Image: 87th Annual Academy Awards - Show

A cerimônia do Oscar de 2015 foi quadrada em tudo que ela podia ser. Começou bem, com um musical completo, uma letra hilária fazendo ao mesmo tempo uma homenagem e uma auto-crítica a Hollywood. Neil Patrick Harris se mesclando a filmes de diversas áreas no melhor estilo das antigas montagens com Billy Cristal. Anna Kendrick e Jack Black se unindo ao apresentador nessa memorável ainda que típica cerimônia de abertura. Curti, o cara parecia estar levando o programa na direção certa. O problema é que dali em diante ele desvaneceu, reaparecendo em inserções totalmente sem sal, com piadas bobas e momentos constrangedores, deu muita saudade de Ellen Degeneris e até mesmo de James Franco, o que mostra como a situação ficou feia.

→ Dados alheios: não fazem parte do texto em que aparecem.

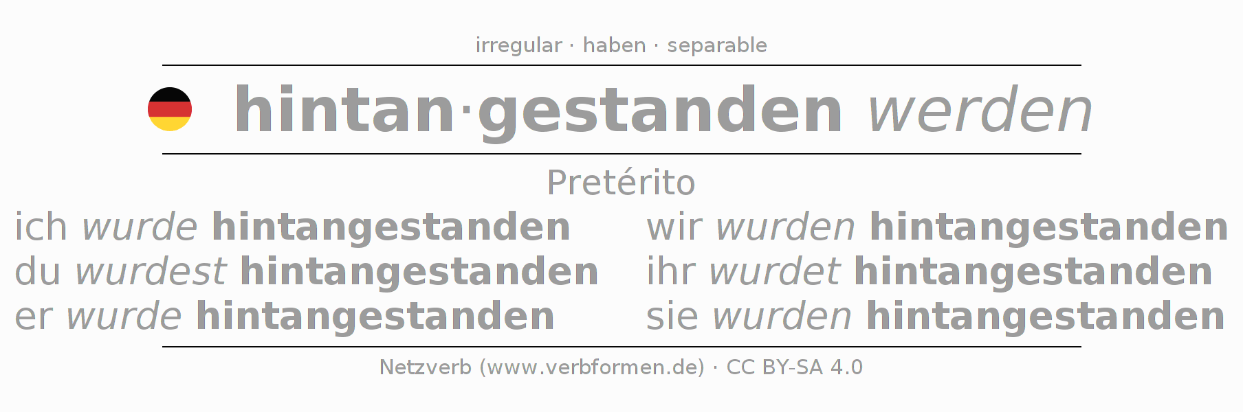 El verbo hintanstehen, conjugado completamente en todas las personas y números gramaticales en Pretérito Indicativo.

No mais, o mesmo de sempre, homenagens aqui e ali, prêmios técnicos e sono, muito sono. O CnC realizou sua primeira cobertura em tempo real no Facebook e agora consolidamos todos os vencedores e comentários da noite que deveria ser a mais galamourosa para os fãs de cinema do mundo todo, mas que mais uma vez se mostrou decadente e irrelevante. Uma pena.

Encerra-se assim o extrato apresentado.